Por Jordanno dos Santos

Em abril de 2021, os ativos de risco ao redor do mundo apresentaram retornos positivos no final do mês, todavia, o percurso foi bem volátil, em especial no Brasil.

A indefinição com o Orçamento 2021 ditou o ritmo dos ativos ao longo do mês, deixando o mercado preocupado com possíveis manobras que prejudicassem o bom andamento das contas públicas.

No fim, o texto aprovado e sancionado conseguiu animar os investidores, apesar de não ter sido o melhor dos mundos.

Emendas parlamentares e outras despesas foram vetadas por Bolsonaro, aproximadamente R$ 19,8 bi, enquanto todos os gastos relacionados a COVID-19 foram deixados de fora do teto de gastos. O rombo aprovado no Orçamento 2021 foi de R$ 247 bilhões.

Outro ponto de destaque foi a instalação da CPI da COVID-19, que poderá trazer algumas surpresas ao mercado, aumentando ainda mais a volatilidade dos ativos.

Além disto, os investidores estão receosos se o andamento da CPI poderá interferir na agenda de reformas que estavam engatinhando no Congresso.

Por outro lado, Bolsonaro decidiu nomear novamente o atual presidente do Banco Central para mais um mandato.

A partir de agora, Roberto Campos Neto só poderá sair do cargo em 2024, independente de quem se eleger em 2022, de acordo com a nova lei de autônima do Banco Central.

Este ponto traz mais confiabilidade para a instituição, contribuindo para taxas básicas de juros, a taxa SELIC, mais baixas nos médio e longo prazos.

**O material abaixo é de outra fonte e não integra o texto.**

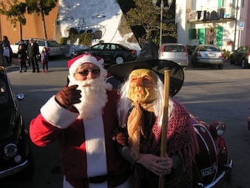 Sono arrivate nella gremita piazza principale del borgo diverse befane a bordo di vecchie Fiat 500 lucidate a nuovo (ed una addirittura con un Babbo Natale al volante) grazie al club club “Ossessionati dall’Intramontabile Fiat 500” di Giulianova.

Nos EUA, o presidente Biden anunciou um pacote na ordem de 1,8 trilhão de dólares para infraestrutura e redução de impostos para as classes mais pobres, por outro lado, pretende financiar parte deste pacote com aumento de impostos para os mais ricos.

O debate político sobre o assunto ainda está acalorado, com argumentos positivos de ambos os lados.

Pelo lado positivo, o pacote poderá acelerar ainda mais a economia do país, que já está em voo alto, além da possibilidade de reduzir a desigualdade.

Na contramão disto, existe o risco de pressionar muito a inflação de curto e médio prazos, um dos maiores medos dos investidores globais, também, o aumento de impostos para parte da população pode aumentar a fuga de capitais e a sonegação, prejudicando o financiamento do pacote e, consequentemente, aumentando a dívida, criando uma bola de neve prejudicial ao crescimento sustentável.

Neste contexto, os títulos públicos indexados à inflação (NTN-B ou Tesouro IPCA) apresentaram retorno médio de 0,65%, os títulos públicos prefixados (LTN, NTN-F ou Tesouro Prefixado) rentabilizaram 0,84%, enquanto os títulos públicos pós-fixados (LFT ou Tesouro SELIC) rentabilizaram 0,07%, mais uma vez abaixo do ativo livre de risco, representado pelo CDI, que rentabilizou 0,21% no mês.

Nos investimentos em renda variável, o Ibovespa, principal índice acionário brasileiro, rentabilizou 1,94%.

No exterior, o S&P 500 e o MSCI World, principais índices acionários americano e mundial, rentabilizaram 5,24% e 4,52% respectivamente. O dólar perdeu força em relação ao real, depreciando 5,16%, encerrando o mês cotado a R$ 5,44.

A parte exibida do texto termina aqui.